Historic church in New Hampshire, United States

The First Parish Church is a historic church at 218 Central Avenue in Dover, New Hampshire. The church was designed and built by Captain James Davis in 1825, inspired by the Federal style designs of Charles Bulfinch, Asher Benjamin, and Alexander Parris. It is the fifth home to a parish that was first gathered in 1633 at Dover Point. The church was added to the National Register of Historic Places in 1982. The congregation is affiliated with the United Church of Christ.

==Description and history==
Dover's First Parish Church is located at the southern end of Dover's commercial downtown area, on the west side of Central Avenue (New Hampshire Route 9) at its junction with Church Street. It is a tall single-story masonry structure, built with load-bearing brick walls and a gabled roof with a stepped gable end at the front. A broad three-bay section projects from the front facade, with a fully pedimented gable and stepped gable parapet with a heavy baroque volute ornament adjacent to the tower base. The tower rises, its front face flush with the projection, to include a square clock stage and an open octagonal belfry topped by a lantern stage and steeple. Window bays are tall and topped by rounded arches. The front facade has three entrances, each topped by a stone lintel. The interior has a mid-to-late 19th-century appearance, with slip pews.

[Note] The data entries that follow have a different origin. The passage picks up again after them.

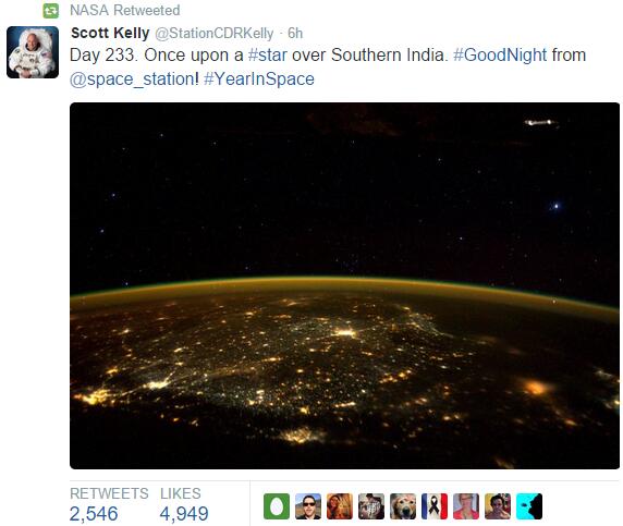 第三个瞬间有些与众不同,这是NASA在袭击发生后转发的一张照片,宇航员Scott Kelly从太空传来地球的鸟瞰图,图片中,一颗星在南印度上空升起。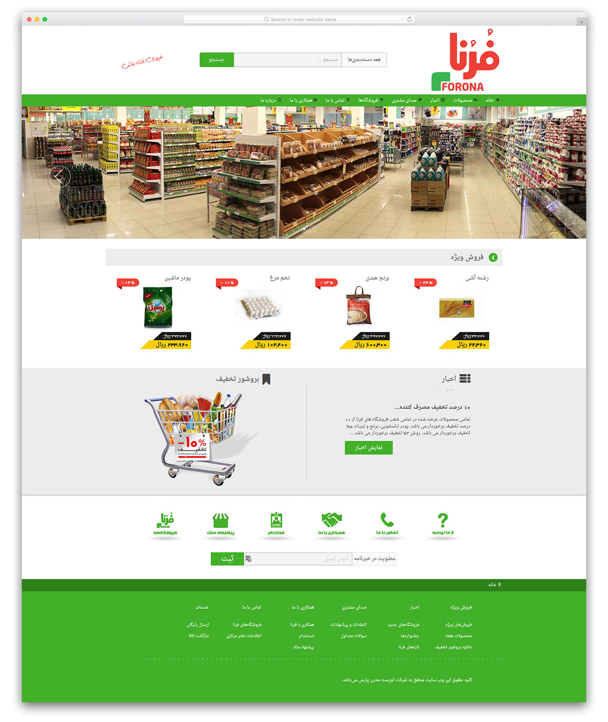 امکانات:واکنش گرا ( Responsive )، دو زبانه، بخش فروشگاه، جستجو براساس نام و دسته بندی کالا، فیلتر پیشرفته محصولات، جدیدترین و پرفروشترین محصولات، اعمال تخفیف برحسب درصد، پرسش و پاسخ، فرم استخدام و همکاری، لیست فروشگاهها براساس منطقه و نقشه، بروشور آنلاین، خبرنامه، گالری تصاویر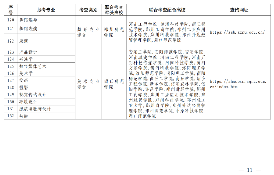 通知明確,各聯合考查組要根據本專業大類培養目標和對考生能力的要求,結合報考情況,合理制定聯合考查方案,明確高校考查時間、考查地點、考查方式、錄取規則、聯系電話、網址等事項。各牽頭高校要于3月6日前將聯合考查方案上傳至“河南省普通高校招生章程核定系統”(網址:http://zszcba.haedu.gov.cn)進行核定,3月20日前向社會公布。考生可登錄附表中的相關網址進行查詢。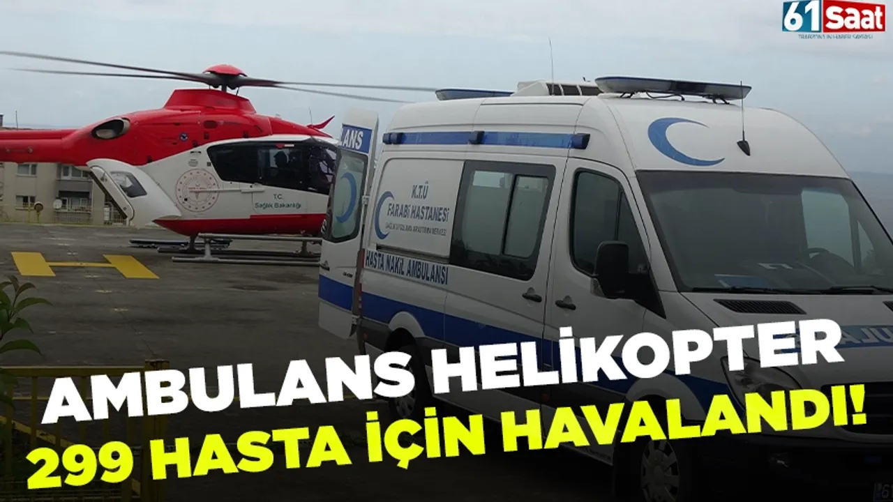 Sağlık Bakanlığı tarafından Trabzon-Rize-Gümüşhane-Giresun ve Artvin illerinden oluşan bölge illerimizdeki olası hasta, yaralılara müdahale edilebilmesi adına Trabzon’da konuşlandırılan Helikopter Ambulans 2025 yılı içerisinde toplam 299 hastanın nakil işlemini gerçekleştirdi.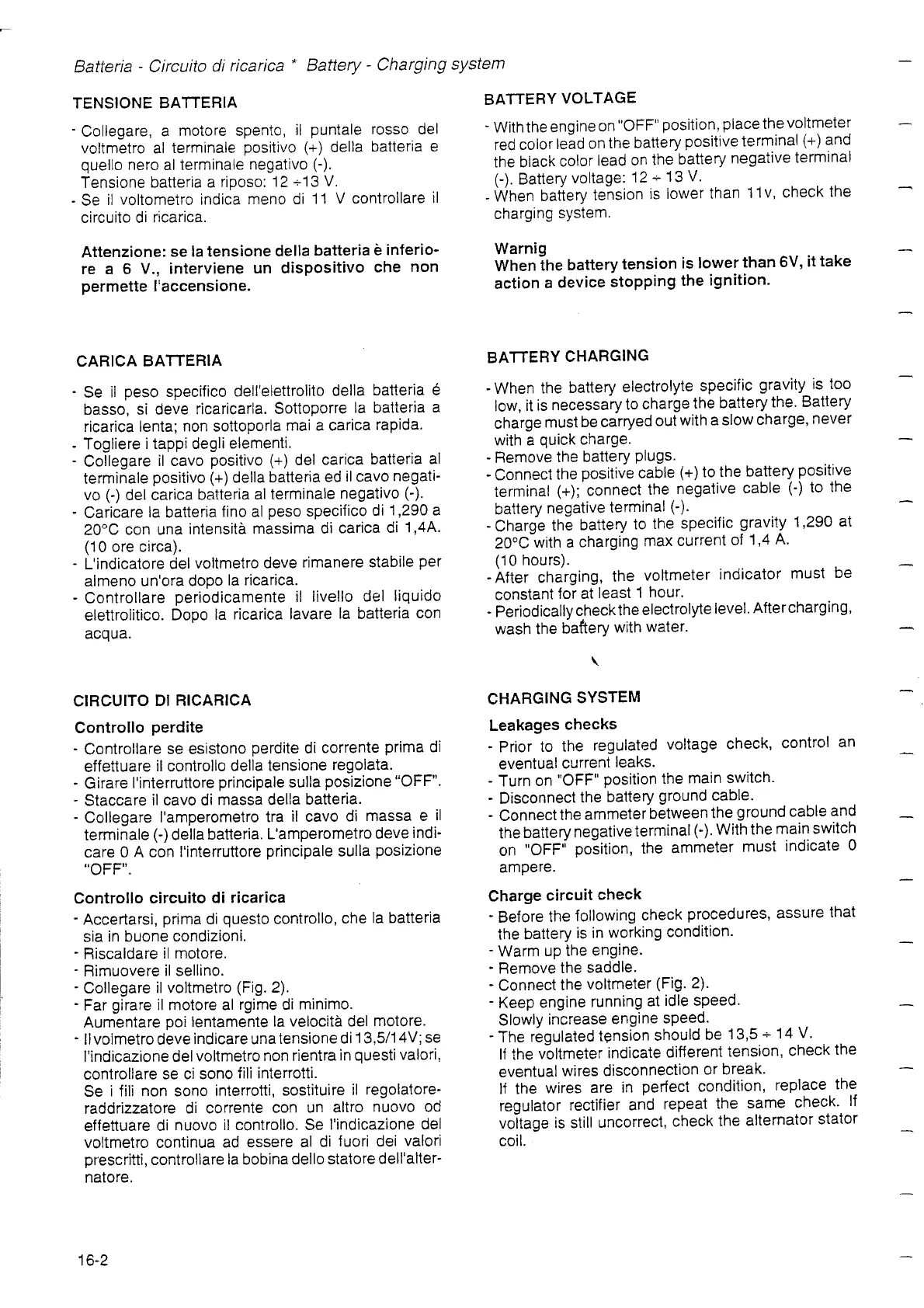 Gilera 350 - Battery Voltage; Battery Charging; Charging System; Leakages Checks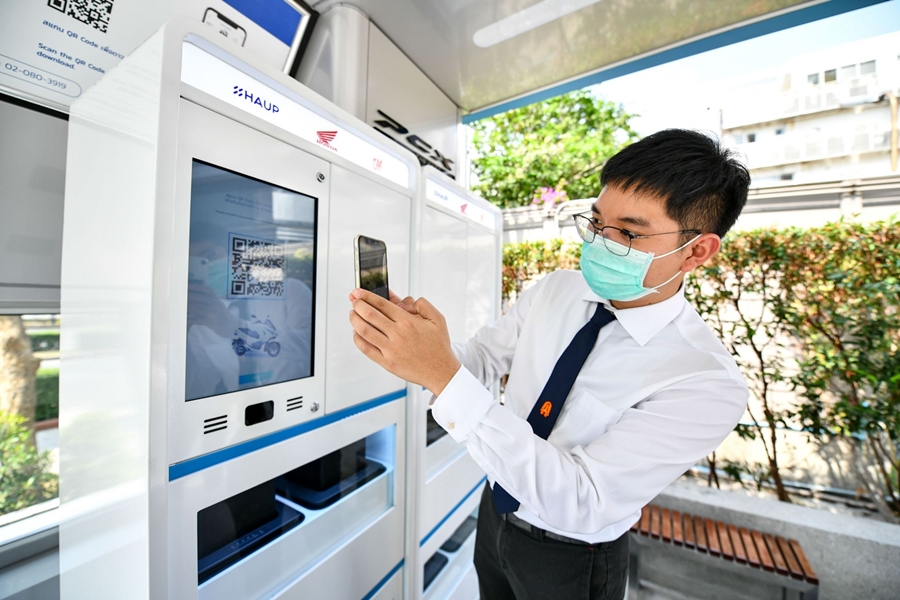 3. แอปพลิเคชันฮ้อป (HAUP) เปิดโอกาสให้ผู้ใช้เข้ามาขับขี่ได้โดยใช้เพียงสมาร์ทโฟนส่วนตัวในการจองรถ ปลดล็อกรถ รวมถึงการสับเปลี่ยนแบตเตอรี่

The church was built in 1825 by James Davis, a local master joiner. Its design is based on the original appearance of St. John's Church in Portsmouth, which was a design of Alexander Parris and also originally featured the volutes found here. The Portsmouth church's design is in turn based on the works of Charles Bulfinch. This church's steeple is based on another church, located in Newburyport, Massachusetts.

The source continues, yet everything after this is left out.